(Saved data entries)
----
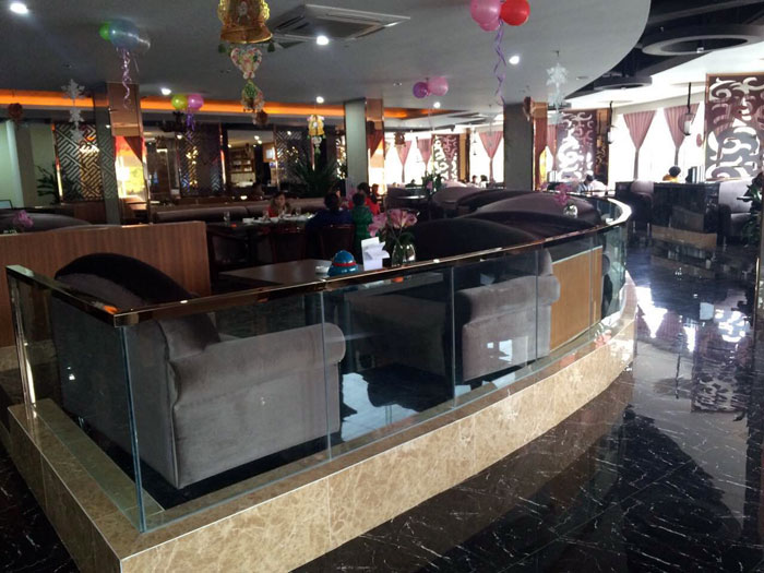 進入餐廳,地麵、接待區、牆麵、柱子、洗手間皆應用了91看片的免费的网站陶大理石瓷磚。餐廳內,91看片的免费的网站陶大理石瓷磚在配飾、燈光、布局的和諧搭配下,顯得更加光彩奪目。各個應用空間,盡顯大氣的風采。
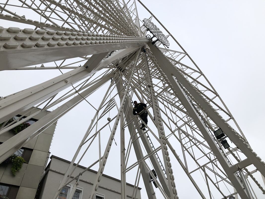 11:10 Uhr Der Koloss, der da gerade aufgebaut wird, wurde 2017 gebaut und trägt den futuristischen Namen »White Star«. Das Rad ist 38 Meter hoch und hat 26 Gondeln.
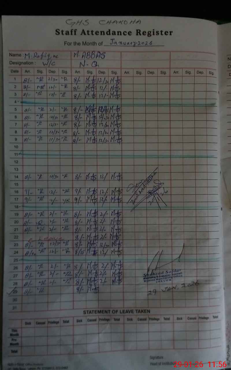 | CNIC | Full Name | Designation | R/C | Absence During Last Calender Month |
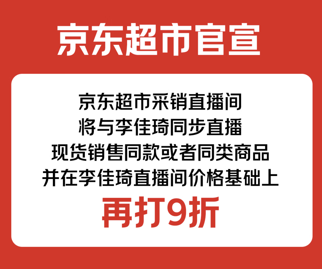 据了解,打开京东APP搜索“京东超市采销”,即可进入京东超市采销直播间,选购9折的李姓主播同款现货商品。
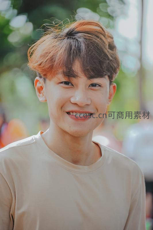 在柔和的自然光下,一位染着橙色头发的青年露出真诚灿烂的笑容,背景绿意盎然,整体画面明亮温馨,传递出积极乐观、阳光治愈的情绪能量。
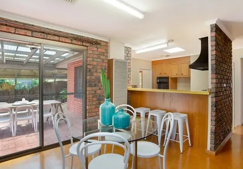 - Large lounge room with high ceilings, exposed brick, and sliding doors to the backyard
----
**Directions**
Retype every entry exactly as written, but omit the pictures.

**Task answer**
 進入餐廳,地麵、接待區、牆麵、柱子、洗手間皆應用了91看片的免费的网站陶大理石瓷磚。餐廳內,91看片的免费的网站陶大理石瓷磚在配飾、燈光、布局的和諧搭配下,顯得更加光彩奪目。各個應用空間,盡顯大氣的風采。
 11:10 Uhr Der Koloss, der da gerade aufgebaut wird, wurde 2017 gebaut und trägt den futuristischen Namen »White Star«. Das Rad ist 38 Meter hoch und hat 26 Gondeln.
 | CNIC | Full Name | Designation | R/C | Absence During Last Calender Month |
 据了解,打开京东APP搜索“京东超市采销”,即可进入京东超市采销直播间,选购9折的李姓主播同款现货商品。
 在柔和的自然光下,一位染着橙色头发的青年露出真诚灿烂的笑容,背景绿意盎然,整体画面明亮温馨,传递出积极乐观、阳光治愈的情绪能量。
 - Large lounge room with high ceilings, exposed brick, and sliding doors to the backyard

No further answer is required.